A firm believer that "colored photagraphy was the future," Sergei Mikhailovich Prokudin-Gorskii, a Russian photographer, documented the colorful world with a set of images for each of the three color channels: red, blue, and green. The technology at the time could not successfully reconstruct the color-decomposed photagraph into colored images. Luckily, with the advant of computer vision, we can, more than 100 years later, reconstruct the colored photos and look into the deep time with vivid colors.
First I implemented the exhaustive search for low resolution images. I chose one color (green) as the base layer and attempted to align the other two layers on the base layer one at a time. To align the layer pairs, I first experimented with a naive exhaustive search without any preprocessing. I simply looped over every single shift in the x, y directions, calculated a metric, and kept the shift that created the optimal metric. I tried both euclidean distance and normalized cross correlation (NCC). For euclidean distance, I kept the shift that generated the lowest distance, whereas for NCC, I kept the one with the maximum score. This was because a set of similar images would produce a low distance and a high correlation. Since NCC performed slightly better than euclidean distance, I used NCC for all images. However, this was not enough to successfully align the layers, so I tried to preprocess each color layer. After further examinations, I figured out that the rugged edges of the layers messed up the alignment algorithm. Thus, I cropped each layer by 5% of the image height/width in each direction from each side. This update finally properly aligned the image pairs. Using this finalized algorithm, I was able to stack the aligned layers together to produce a visually pleasing colored image for most small images.

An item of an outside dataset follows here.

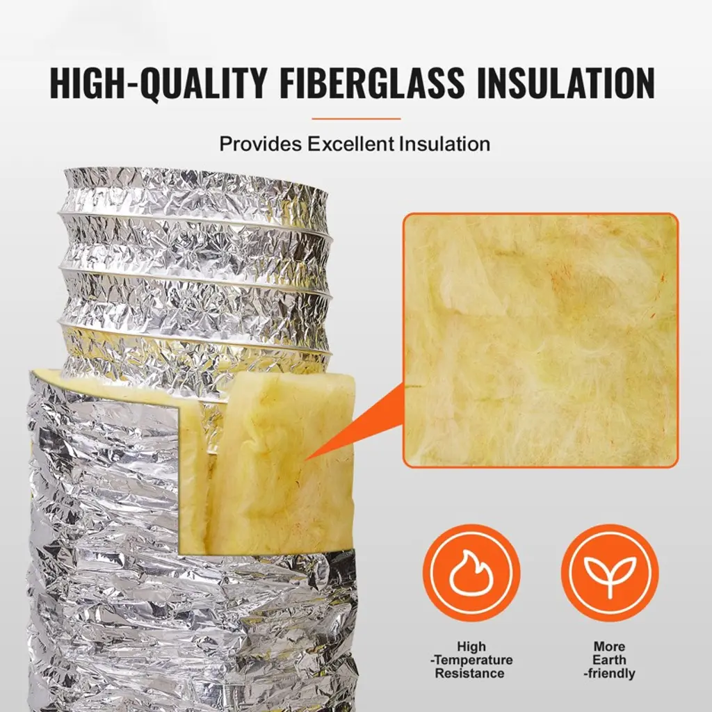 Feature: Efficient Insulation: Enhance Comfort with High-Loft Glass Fiber Insulation, Quieting Operation and Reducing Heat Transfer. High-Quality Insulation Cotton: Utilizing high-loft Owens Corning insulation cotton, it reduces heat conduction while absorbing noise generated during operation, enhancing user comfort. 3-Layer Tough: Built to Last with Durable Single-Sided Aluminum Foil and PET, Reinforced with Fiberglass Grid for Safety and Longevity, Achieving an R-4.2 Flame Resistance Rating. Flexible and Easy to Use: Can be bent, compressed, or cut as needed for installation without affecting the interior of the duct, reducing air resistance and improving installation adaptability. Variety of Applications: Primarily used for temperature control, dehumidification, and ventilation needs in various settings such as central air conditioning, fresh air systems, and greenhouse tents. Package Content Flexible Duct x 1 Stainless Steel Clamps x 2

While the exhaustive search approach could easily handle low resolution images, it failed to process the high resolution (tif) files efficiently. Enters the image pyramid. Here, I implemented a recursive search from the lowest resolution all the way to the highest resolution (halfing the image dimensions each layer from top to bottom), updating the optimal shift while keeping the search window small. The recursive structures starts from the highest resolution. When the recursive calls hit a base case where the size was less than equal to 10 by 10 pixels, the function would find an optimal shift using the exhaustive search function outlined above. After the base layer returned the optimal shift, the layers above will recursively update the optimal shifts within a 10 by 10 window centered at the previous optimal shift. The reason why I used a 10 by 10 window throughout was because I needed to exhaustively search the base case image while minimizing the window size to improve speed performance. Otherwise, the algorithm may not be able to find the optimal shift in the image with the lowest quality. After the recursive stack finished, the returned value would be the optimal shift for the original image. At the outset, I tried to use a 30 by 30 window as the smallest window size, but my program was too slow, so I changed to the current configuration.
The only problem with the exhaustive search and pyramid combination was that it did poorly on cathedral.jpg. After observing the picture, I thought that the blue layer is significantly darker than the other two layers. This fact, coupled with the rough edges of the grasses and the poor image quality, made alignment with the raw image layers difficult. Therefore, I decided to use a sobel edge detector to reduce the image complexity and even out each layer's intensity. With the edge detector as a preprocessor, my algorithm successfully aligned the cathedral image.
The above pictures showed no discernable differences with the ones created by regular pyramid methods.
The above example illustrated the problem with the regular pyramid on the cathedral image. The one using edge detectors turned to be much more aligned than the regular approach.
Note that the water fall image quality was not very high. This might be because the water was flowing, so the three layers taken at different time didn't capture the same still frame.